I’ve recently been experimenting with the Zettelkasten method for organizing information gleaned from reading and other content I consume. I’m still getting the hang of it, but, boiled down to its essence, the general process is:
- Quickly capture any raw clippings that stand out to you (a quote, passage, etc) in an inbox.
- Process your inbox, rewriting the clipping in your own voice, adding your own thinking on it, directly quoting the piece, etc – and adding any tags or references to other notes.
- Save it to “permanent” storage, easily referenced by tag.
In hindsight, our approach to contact management that arose organically through years of user feedback was much the same, and it’s still something I strongly believe in as a strategy for managing your important relationships.
- Capture the interactions you have and people of any interest. This can be a hybrid of manual capture (note-taking, business card scanning), and automatic (inbox aggregation). The latter brings in everyone you talk to digitally, and the former can be reserved for more notable interactions (coffee meeting vs talking to the barista).
- At a later date, process and organize those relationships.
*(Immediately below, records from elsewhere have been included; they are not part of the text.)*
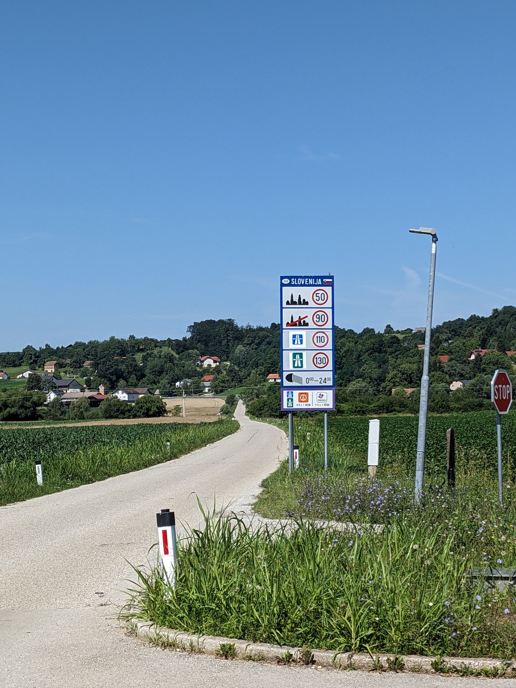 I must traverse Slovenia again, and this time I have no intention of paying the vignette, nor the Austrian vignette for that matter. I plot a route avoiding the motorway network, passing through many villages in the slovenian countryside.
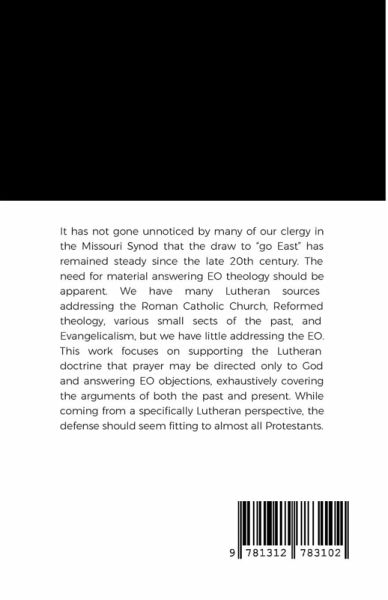 It has not gone unnoticed by many of our clergy in the Missouri Synod that the draw to "go East" has remained steady since the late 20th century. The need for material answering EO theology should be apparent. We have many Lutheran sources addressing the Roman Catholic Church, Reformed theology, various small sects of the past, and Evangelicalism, but we have little addressing the EO. This work focuses on supporting the Lutheran doctrine that prayer may be directed only to God and answering EO objections, exhaustively covering the arguments of both the past and present. While coming from a specifically Lutheran perspective, the defense should seem fitting to almost all Protestants.
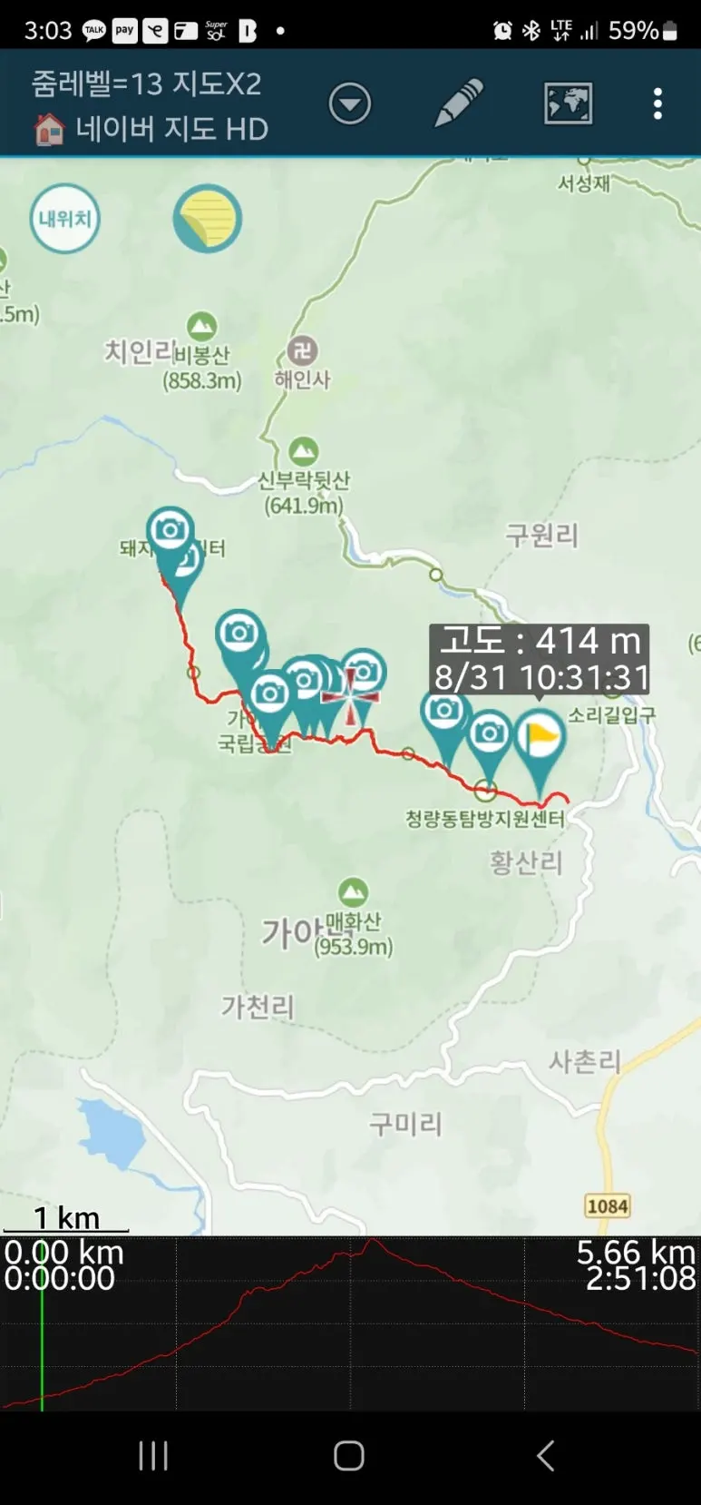 산행 통계 무더위가 지속되는 8월의 마지막 날, 가는 여름을 배웅하고 오는 가을을 마중하기 위해서 멀리 경상남도 합천군에 위치하고 있는 가야산1) 남산제일봉에 다녀왔다.

A baseline filter is a decision on deleting/archiving a contact. From there, applying any organization to the contact (e.g. buckets, categories, groups, tags, location) and any additional information (notes, work history, to-dos) allows you to easily reference that relationship later.
- As this is being done in digitally, the “permanent” storage is already there. At a later point, you can leverage this database to identify people with common interests, desired skill sets, etc.